RECORDS:
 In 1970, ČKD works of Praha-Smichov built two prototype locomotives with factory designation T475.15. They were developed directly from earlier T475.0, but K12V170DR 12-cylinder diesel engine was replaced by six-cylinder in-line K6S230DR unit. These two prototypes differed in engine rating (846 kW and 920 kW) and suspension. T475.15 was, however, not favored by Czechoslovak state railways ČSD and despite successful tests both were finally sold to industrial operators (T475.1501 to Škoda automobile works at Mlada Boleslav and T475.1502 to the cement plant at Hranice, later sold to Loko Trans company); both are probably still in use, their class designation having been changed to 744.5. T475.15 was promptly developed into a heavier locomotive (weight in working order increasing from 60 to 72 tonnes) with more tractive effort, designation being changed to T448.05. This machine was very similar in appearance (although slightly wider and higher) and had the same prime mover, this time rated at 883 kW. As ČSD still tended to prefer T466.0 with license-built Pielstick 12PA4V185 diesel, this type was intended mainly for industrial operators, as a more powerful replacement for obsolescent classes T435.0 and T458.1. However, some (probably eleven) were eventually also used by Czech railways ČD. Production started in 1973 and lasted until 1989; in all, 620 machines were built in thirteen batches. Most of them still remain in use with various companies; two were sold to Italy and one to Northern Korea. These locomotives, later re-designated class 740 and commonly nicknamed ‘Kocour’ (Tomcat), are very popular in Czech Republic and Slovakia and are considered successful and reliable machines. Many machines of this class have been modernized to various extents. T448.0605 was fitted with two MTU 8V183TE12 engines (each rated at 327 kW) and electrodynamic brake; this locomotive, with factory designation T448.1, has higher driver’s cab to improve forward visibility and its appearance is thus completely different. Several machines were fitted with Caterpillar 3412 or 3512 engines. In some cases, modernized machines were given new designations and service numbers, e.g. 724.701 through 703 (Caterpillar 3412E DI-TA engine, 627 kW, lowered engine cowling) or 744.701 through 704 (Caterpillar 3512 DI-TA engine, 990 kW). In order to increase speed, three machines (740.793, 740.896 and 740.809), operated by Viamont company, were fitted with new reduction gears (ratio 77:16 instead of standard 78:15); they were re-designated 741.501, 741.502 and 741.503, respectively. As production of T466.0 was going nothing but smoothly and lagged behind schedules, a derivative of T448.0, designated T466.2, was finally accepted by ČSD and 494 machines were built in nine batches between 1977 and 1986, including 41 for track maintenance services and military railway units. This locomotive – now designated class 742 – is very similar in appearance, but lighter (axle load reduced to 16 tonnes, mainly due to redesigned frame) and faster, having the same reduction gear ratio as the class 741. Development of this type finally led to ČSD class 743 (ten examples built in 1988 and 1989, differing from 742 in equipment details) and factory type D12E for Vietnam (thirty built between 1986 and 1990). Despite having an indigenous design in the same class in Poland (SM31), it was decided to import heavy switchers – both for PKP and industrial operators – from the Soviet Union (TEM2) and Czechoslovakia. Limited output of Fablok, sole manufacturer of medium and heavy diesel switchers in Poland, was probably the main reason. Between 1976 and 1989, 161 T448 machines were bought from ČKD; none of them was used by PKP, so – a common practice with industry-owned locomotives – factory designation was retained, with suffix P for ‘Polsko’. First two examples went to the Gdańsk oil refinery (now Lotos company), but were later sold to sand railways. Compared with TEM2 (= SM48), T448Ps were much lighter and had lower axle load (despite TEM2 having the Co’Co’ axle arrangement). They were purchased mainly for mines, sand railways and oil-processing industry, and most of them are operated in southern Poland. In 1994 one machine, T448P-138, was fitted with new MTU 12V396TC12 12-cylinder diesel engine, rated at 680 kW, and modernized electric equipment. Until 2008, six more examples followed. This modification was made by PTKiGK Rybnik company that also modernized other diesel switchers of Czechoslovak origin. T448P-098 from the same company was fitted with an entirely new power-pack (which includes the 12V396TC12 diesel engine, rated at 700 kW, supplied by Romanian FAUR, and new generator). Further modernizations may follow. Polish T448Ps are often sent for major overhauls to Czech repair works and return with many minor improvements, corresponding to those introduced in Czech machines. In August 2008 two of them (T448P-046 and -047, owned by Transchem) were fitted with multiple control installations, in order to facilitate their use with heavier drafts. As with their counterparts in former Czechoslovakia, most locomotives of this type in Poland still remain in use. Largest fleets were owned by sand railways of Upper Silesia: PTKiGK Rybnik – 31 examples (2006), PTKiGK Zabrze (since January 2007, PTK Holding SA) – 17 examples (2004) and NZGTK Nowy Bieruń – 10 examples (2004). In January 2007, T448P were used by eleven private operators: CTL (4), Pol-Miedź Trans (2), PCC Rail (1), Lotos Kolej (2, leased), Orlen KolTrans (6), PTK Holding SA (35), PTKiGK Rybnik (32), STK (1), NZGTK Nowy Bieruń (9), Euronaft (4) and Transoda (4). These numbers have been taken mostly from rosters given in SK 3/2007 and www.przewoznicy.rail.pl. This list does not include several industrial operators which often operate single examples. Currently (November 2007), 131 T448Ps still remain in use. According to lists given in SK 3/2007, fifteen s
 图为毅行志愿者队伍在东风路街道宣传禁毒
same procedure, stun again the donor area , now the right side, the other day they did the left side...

==

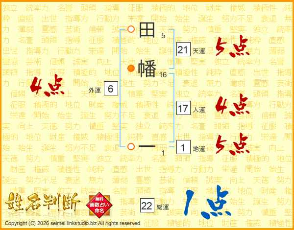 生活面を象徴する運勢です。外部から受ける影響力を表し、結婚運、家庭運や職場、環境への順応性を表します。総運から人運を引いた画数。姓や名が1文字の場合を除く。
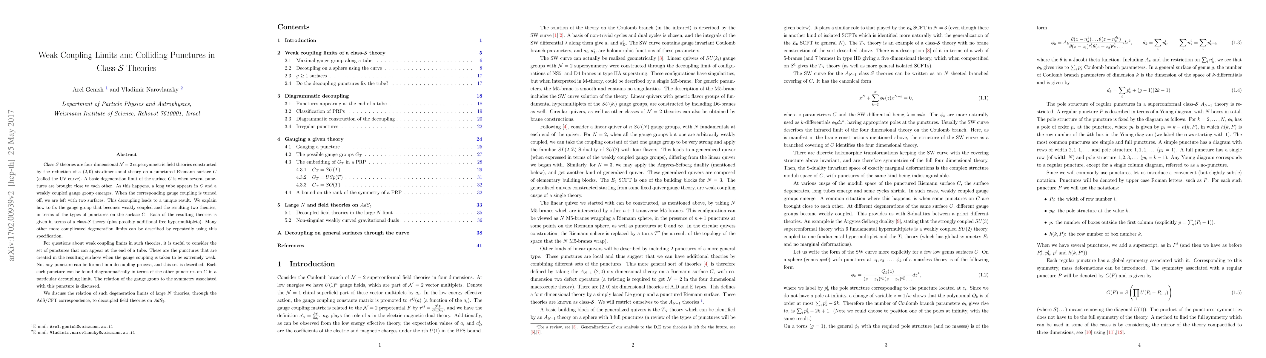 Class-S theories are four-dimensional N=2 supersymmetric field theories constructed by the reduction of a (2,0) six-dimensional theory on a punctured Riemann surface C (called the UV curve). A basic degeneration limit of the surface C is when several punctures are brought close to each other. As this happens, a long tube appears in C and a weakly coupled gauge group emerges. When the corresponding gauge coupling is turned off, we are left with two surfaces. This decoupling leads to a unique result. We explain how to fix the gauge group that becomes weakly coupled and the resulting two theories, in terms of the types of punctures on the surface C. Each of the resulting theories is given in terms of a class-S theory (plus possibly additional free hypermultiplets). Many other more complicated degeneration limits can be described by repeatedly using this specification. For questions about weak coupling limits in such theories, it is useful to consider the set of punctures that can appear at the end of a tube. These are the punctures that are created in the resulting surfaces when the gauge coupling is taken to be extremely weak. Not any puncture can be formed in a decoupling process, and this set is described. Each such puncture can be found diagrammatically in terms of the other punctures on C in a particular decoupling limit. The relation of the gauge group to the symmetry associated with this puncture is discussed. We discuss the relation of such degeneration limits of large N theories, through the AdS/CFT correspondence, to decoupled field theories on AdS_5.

--

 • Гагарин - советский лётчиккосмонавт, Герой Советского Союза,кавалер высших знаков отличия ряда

EXERCISE REQUIREMENTS: Within the data above, the span starting at the line containing "图为毅行志愿者队伍在东风路街道宣传禁毒" and ending at the line containing "same procedure, stun" is to be retyped exactly, with no other lines.

SOLUTION:
 图为毅行志愿者队伍在东风路街道宣传禁毒
same procedure, stun again the donor area , now the right side, the other day they did the left side...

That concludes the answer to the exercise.